Introduction and Theoretical Foundation

The paper frames the verification challenge for coding agents through two foundational insights:

Inversion of the classical asymmetry: Brooks’s (1987) “No Silver Bullet” lesson from software engineering is reinterpreted for coding agents. As foundation models develop stronger reasoning and harness engineering advances, generating candidate solutions has become easy, but reliably verifying them has become the harder problem.
The proxy–intent gap: Every verifier is only a proxy for human intent, never the intent itself. This creates a twofold difficulty:
- Faithfulness is inherently hard: Intent is underspecified by nature—users often cannot articulate full expectations until a counterexample exposes an omission.
- Optimization widens the gap: When a proxy is used as a reward signal, the generator learns to exploit the divergence between proxy and intent, leading to reward hacking—not a bug that can be patched, but an inevitable consequence of sustained optimization toward an imperfect objective.

The paper formally connects this to computability theory via Rice’s theorem (Rice, 1953): every non-trivial semantic property of a program is undecidable, independently supporting the claim that perfect verification is impossible.

Three dimensions of verification signal quality are defined:

Scalability: Can the signal be produced cheaply at the scale required for training?
Faithfulness: How much of the true user intent does the signal reflect?
Robustness: Can the verifier’s judgments hold across diverse/adversarial inputs and withstand optimization pressure from a strengthening generator?
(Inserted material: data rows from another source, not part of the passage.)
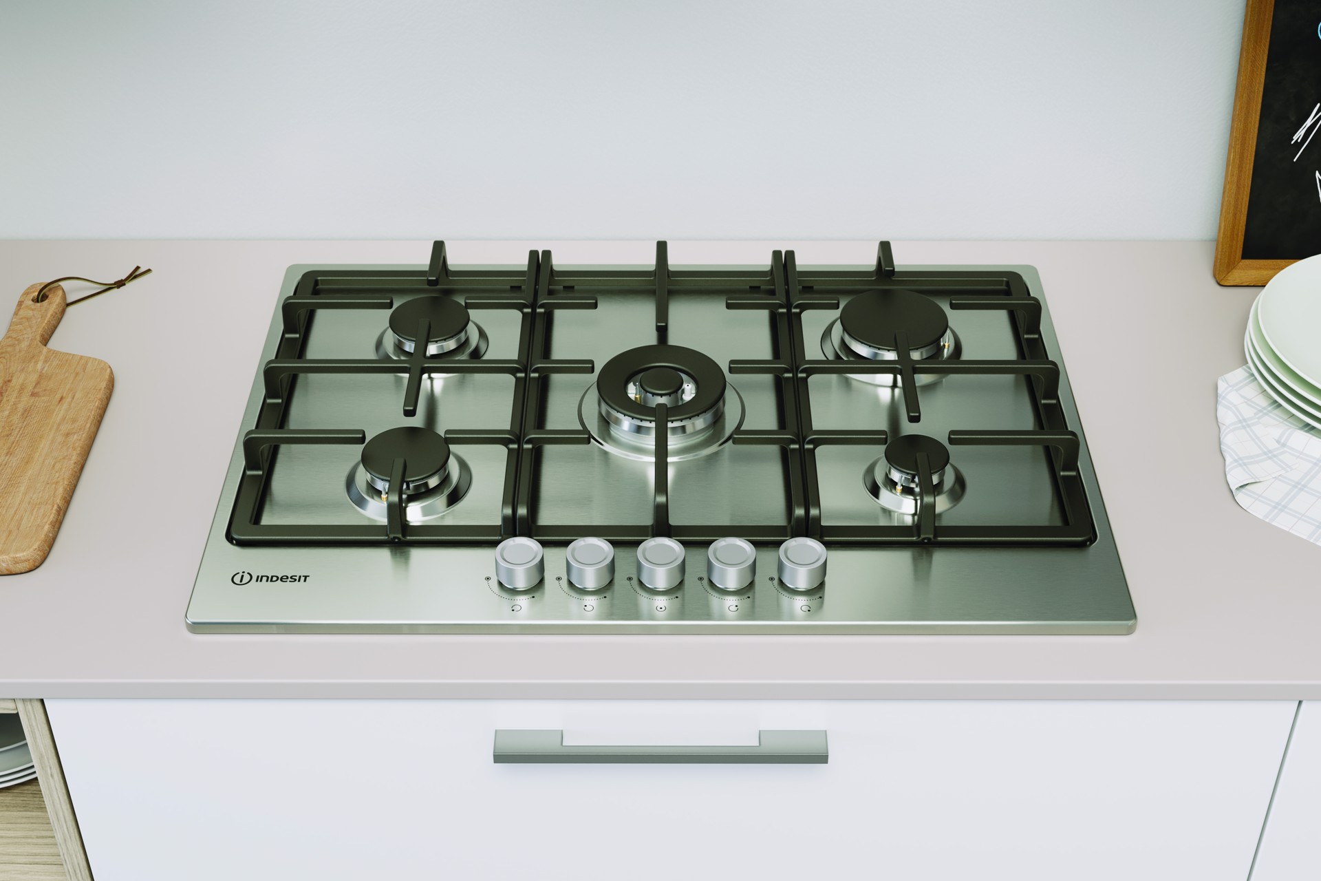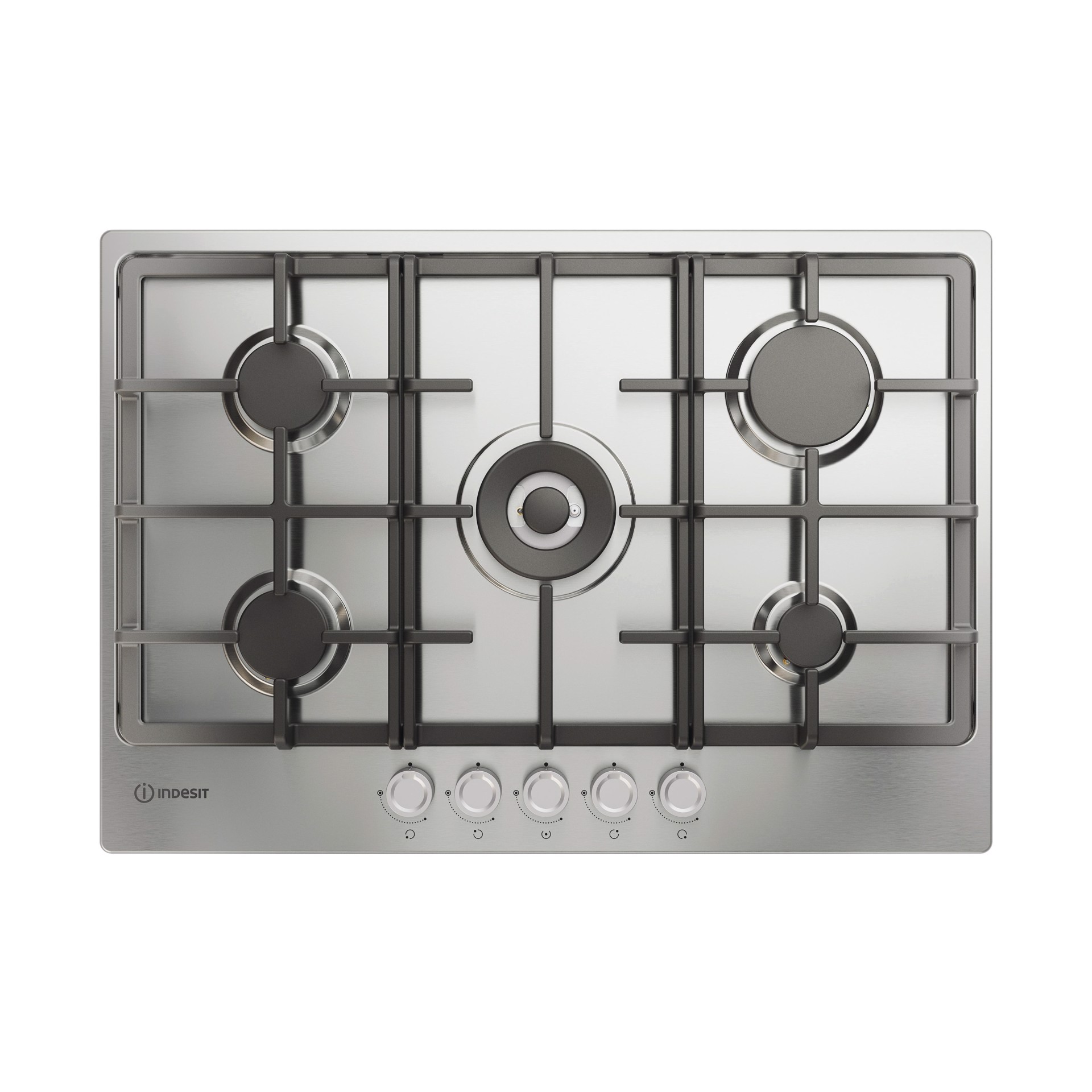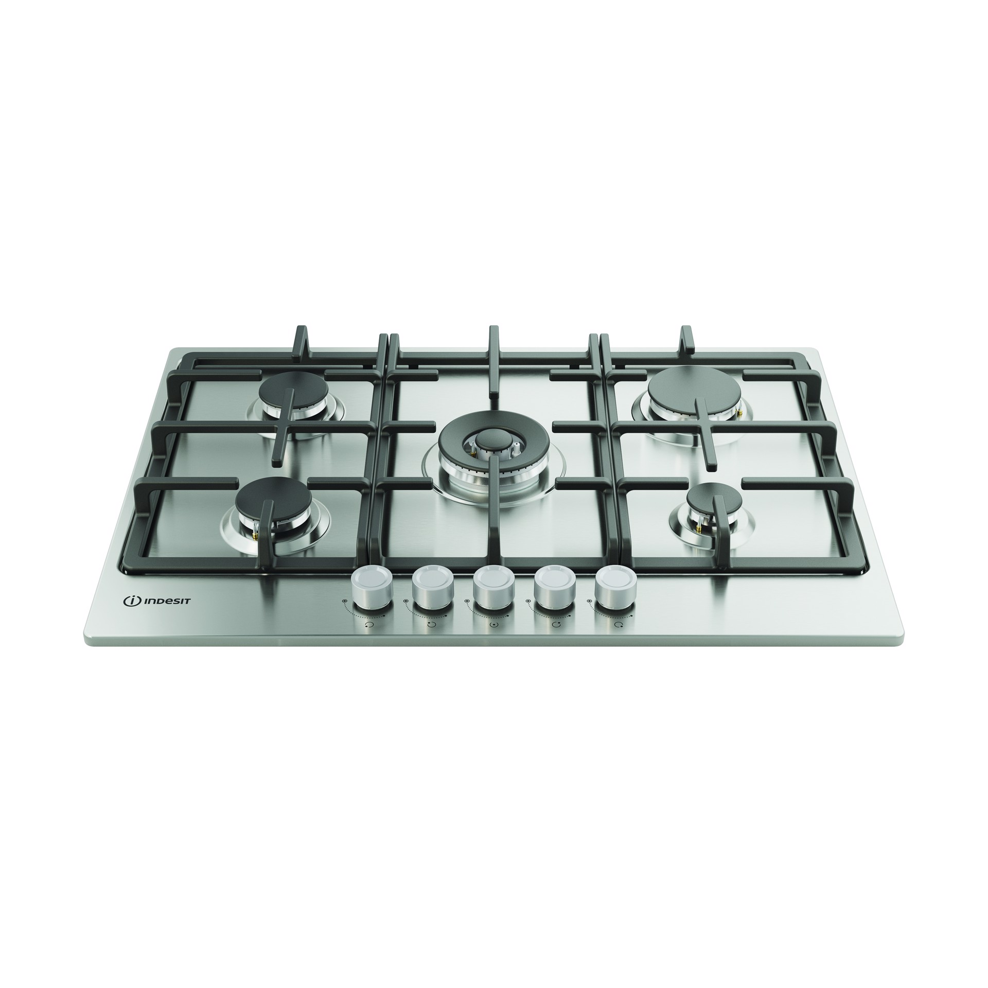 INDESIT THP 751 W/IX/I IT 1 piano gas inox 75cm 5 fuochi bruciatore doppia corona griglie in ghisa lavabili in lavastoviglie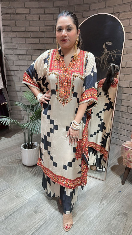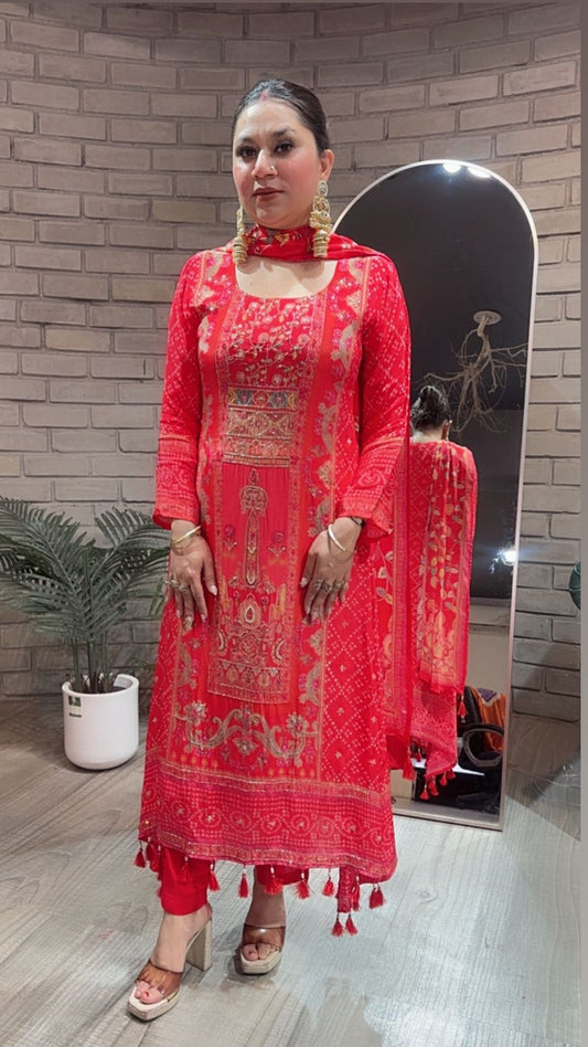 Gulzar Red Digital C-Cut Designer suit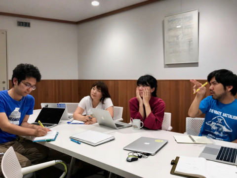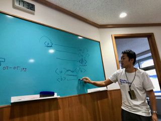 勉強会 今日は、ほぼ日の読みものチームの若者の会で、 「そもそもWEBってどういう仕組みか」というめずらしいミーティングを行いました。 どんぐりの背比べ的ではありますが、若干知識がリードしているという理由で黒板の前に立ってくれた先生は みんな、わりと知らないことが多くて 「なるほど!」 「そういうふうになっているのか」 「スマホはこうか!」 なんて言いながら話し合いました。 話しているうちに、いま抱えている問題点も見えてきたりして、 「うーーーーん」と唸ってみたりもしました。 そしてついに、締めの言葉王の 「でも、最終的には人と人とのコミュニケーションですね」 という締めのセリフをこの場に放ち、おひらきになりました。 「不思議体験ですね」という言葉でその場を締めたことをきっかけに、締めの言葉王として君臨しています。 2018/06/21 18:25 |

Most existing approaches satisfy only two: unit tests (scalable + robust, but narrow), LLM judges (scalable + faithful, but vulnerable to exploitation), human expert review (faithful + robust, but cannot scale). The intersection of all three—cheap, deep, and resistant to gaming—remains missing, motivating a co-evolutionary approach.

Methodology

2. Test-Driven Rewards for SWE-like Tasks

Automated Data Pipeline (SWE-Universe): Given an issue-linked pull request, the pipeline separates the change into a fix patch and a test patch, restores the repository to the pre-fix state, and constructs a Dockerized environment with a unified verifier evaluation.sh whose binary pass/fail result serves as the test-driven reward.

Agentic Quality Judge: To address reward faithfulness (false positives / false negatives), the paper decomposes semantic quality into two dimensions:

instruct_clear: whether the instruction sufficiently expresses the intended task.
instruct_ut_align: whether the tests faithfully operationalize the instruction.

An agentic judge (based on MiniSWEAgent) actively explores the repository—inspecting files, executing commands, reading tests—and produces dimension-level judgments aggregated into an overall_good label. The judge is evaluated on a human-annotated benchmark (Table 1).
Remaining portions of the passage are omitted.